ILLEGAL IMMIGRANTS STATISTICS
Illegal immigrants statistics is an important topic in American culture and politics. Whether it’s an important topic in a presidential candidate’s platform or a source of debate in schools or during dinner conversations across the country, the topic is one that all Americans should stay knowledgeable about. Everyone should consider how illegal immigrants statistics affect American culture, politics, crime, economics, education and health, and how in turn these issues will affect the policies and laws that are put into effect at local, state, and national levels.
Current Illegal Immigrants Statistics
So who are illegal immigrants? Illegal immigrants are people who are in the country without governmental permission or who have remained in the country beyond the expiration date of their visa. In recent reports, the Department of Homeland Security estimates that the number of unauthorized immigrants in the United States is between eleven and twelve million. The Department of Homeland Security is responsible for providing immigration related services and enforcing federal immigration laws. The DHS estimates that 59% of illegal immigrants are from Mexico with El Salvador, Guatemala, Honduras, and China rounding out the top five countries in that order.
Hot Topics for Illegal Immigrants Statistics
The most newsworthy topic regarding illegal immigrant statistics is the current case before the U.S. Supreme Court, Arizona v. United States. The justices will determine the constitutionality of Arizona’s most recent immigration laws. For the past few decades, states have gone in different directions on how to handle their unauthorized immigrant populations. Arizona’s recent laws are some of the most stringent in the country. The Arizona laws include laws expanding the ability of police to check immigration status during roadside stops. The new laws also bar illegal immigrants from receiving in-state college tuition. Other states require K-12 administrators to check the residency status of their school’s students. In contrast, some states like Rhode Island allow illegal immigrants to accept in-state tuition.

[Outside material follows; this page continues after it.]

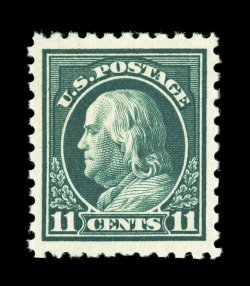 663 nhu 434 image#434, 11c Dark green, a superlative mint single, being flawlessly centered amid particularly large margins, deep luxuriant color and a prooflike impression on fresh white paper, immaculate o.g., n.h., a superb gem for the perfectionist; 2006 PSE certificate (Superb 98; SMQ $1,750.00); this is the sole never hinged example to grade 98, with just one grading slightly higher (98J). (Image) $60.00

Most commentators say that President Obama’s administration has handled immigration issues with a mixed hand. The administration has set records with high deportation numbers, but most of those deported are illegal immigrants who have been convicted of a crime.
A big portion of the debate centers on children born in the United States whose parents are not authorized immigrants. Some people support the idea that these children should be able to remain in the United States even if their parents only came to the United States for the purpose of securing their child’s citizenship. The Supreme Court has ruled in earlier cases that the Fourteenth Amendment of the Constitution guarantees citizenship for nearly all people born in the country, regardless of their parents’ immigration status. Some people argue that these children should be able to sponsor their relatives later, while others believe that only the children of these immigrants should be considered citizens. People on the polar end of the spectrum want to deport even those born here if their parents were here illegally when the child was born.
Both Sides of the Coin
People on both side of the debate want to make sure that all of the laws are applied fairly and without discriminating against any one class. Many disagree about which laws will support these goals and which intentionally or unintentionally cause discrimination against certain groups. Some people argue that illegal immigrants take jobs from citizens, increase the cost of medical care, and increase crime. Other people argue that illegal immigrants take jobs that most Americans will not do, add to our economy through their purchasing of goods and services, and add to the rich diverse culture of America. Most citizens know that a compromise must be reached that will encourage people to legally remain in the country and go through the legal process to gain citizenship.